Observation of patterns has long been a cornerstone of medicine and scientific discovery. Since Gregor Mendel first recorded pea plant inheritance patterns in the 1800s, the scientific method has not changed. Two hundred years later we continue to follow the same recipe: observe, hypothesize, test. What has changed since Mendel’s time is our access to data. Given millions of electronic health records and the analytical power of artificial intelligence, we are now able to detect patterns far more subtle than the inheritance of pea pod color.

The recent work of Park et al.1 (“Machine learning prediction of incidence of Alzheimer’s disease (AD) using large-scale administrative health data”) provides an exciting example of how machine learning can identify patterns that are nonobvious to human observation. Recognition of these new associations in turn leads to opportunities for earlier disease recognition and research on underappreciated risk factors/treatments2.

Park and Cho used health data from the Korean National Health Insurance Service database to train three different machine learning algorithms that predict the incidence of AD in adults over 65. They tested the predictive power of these algorithms over 1, 2, 3, and 4 subsequent years, comparing their predictions with recorded clinical diagnoses of AD confirmed by both ICD-10 code and dementia medication prescription. Their highest-performing algorithm was able to predict development of AD 1 year out with 71.3% accuracy.

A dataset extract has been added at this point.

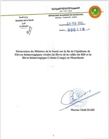 (الإعلام نت): أصدر وزير الصحة المختار ولد داهي، تصريحا رسميا موجها للشركاء في مجال الصحة أعلن فيه خلو موريتانيا، من الحمى النزيفية (الوادي المتصدع والقرم الكونغولية).
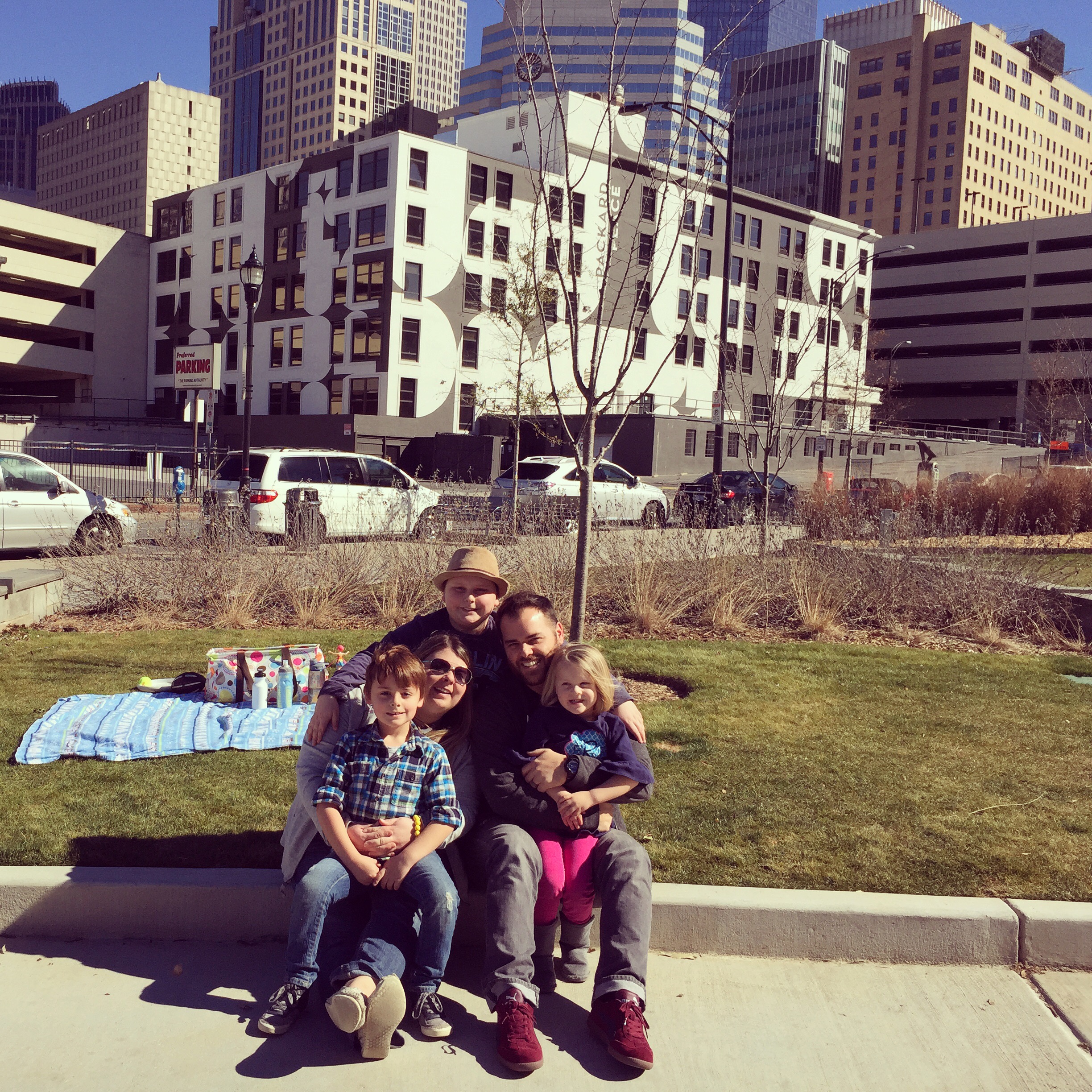 Last weekend the forecast was warmer than normal and with a whole lot of sunshine, therefore we planned to be outside as much as we could. After church Lara, being the most awesomeness wife and mommy, planned for us to have a picnic at one of our favorite parks which is downtown Charlotte (our whole family loves this city and loves being downtown so we do so as much as we can). It was such a good time! We ate lunch on a blanket, people watched (a favorite pastime for Lara and I), kicked the soccer ball around, cuddled, laid out on the grass, played a game of freeze tag, walked to find coffee (no coffee though, everywhere was closed! not the best part of the day), and laughed a lot.

What is remarkable about this work is that a relatively high level of predictive accuracy was achieved using commonly tested/recorded laboratories, medications, and medical history data. The algorithms developed did not rely on all patients undergoing expensive magnetic resonance imaging (MRI) or computed tomography head imaging, invasive cerebrospinal fluid (CSF) testing, or specialized memory and executive function tests such as a Mini Mental-State Examination (MMSE), which is typically only administered in scenarios where a clinician already suspects cognitive impairment.

By examining area under the curve (AUC), we can compare the overall diagnostic performance of Park and Cho’s algorithm with tests that require much more specialized data inputs (such as MMSE scores and cerebrospinal fluid studies). AUC is the probability that a person with the disease of interest will score higher on a given test than someone who is healthy3. Park and Cho’s algorithm had an AUC similar to that of models that predict progression from Mild Cognitive Impairment to Alzheimer’s disease using much more-specific neurologic studies such as MRI findings, MMSE score, and CSF biomarkers4,5. This illustrates that great predictive accuracy can be achieved using a simple national health database, and suggests that analysis of the existing health record could provide clinically useful screening for AD risk prior to any neuro-specific testing.

In addition, Park and Cho’s use of logistic regression, a modeling technique that describes the relative contribution of independent variables to overall risk of disease, allowed them to identify that health variables carried the greatest predictive weight, thus revealing nonobvious risk factors and suggesting possible avenues of future prevention, treatment, and research. This analysis suggested that anemia and proteinuria (the abnormal finding of having protein in the urine) are significant risk factors for development of Alzheimer’s disease, and showed a negative association between AD and tolfenamic acid (a non-steroidal anti-inflammatory) as well as nicametate citrate (a vasodilator). These findings support the importance of ongoing dementia research focused on anemia3 and the disease-modifying effects of tolfenamic acid6, whereas the new recognition of nicametate citrate as a risk-modifying agent creates entirely new opportunities for study.

With this work, Park and Cho have taken a first step towards development of a widely applicable Alzheimer’s risk-stratification tool. But perhaps even more importantly, they have completed the first step of that classic recipe: observe, hypothesize, test. They demonstrate the value of machine learning, not as a black box, but as a tool to focus our pathophysiologic research.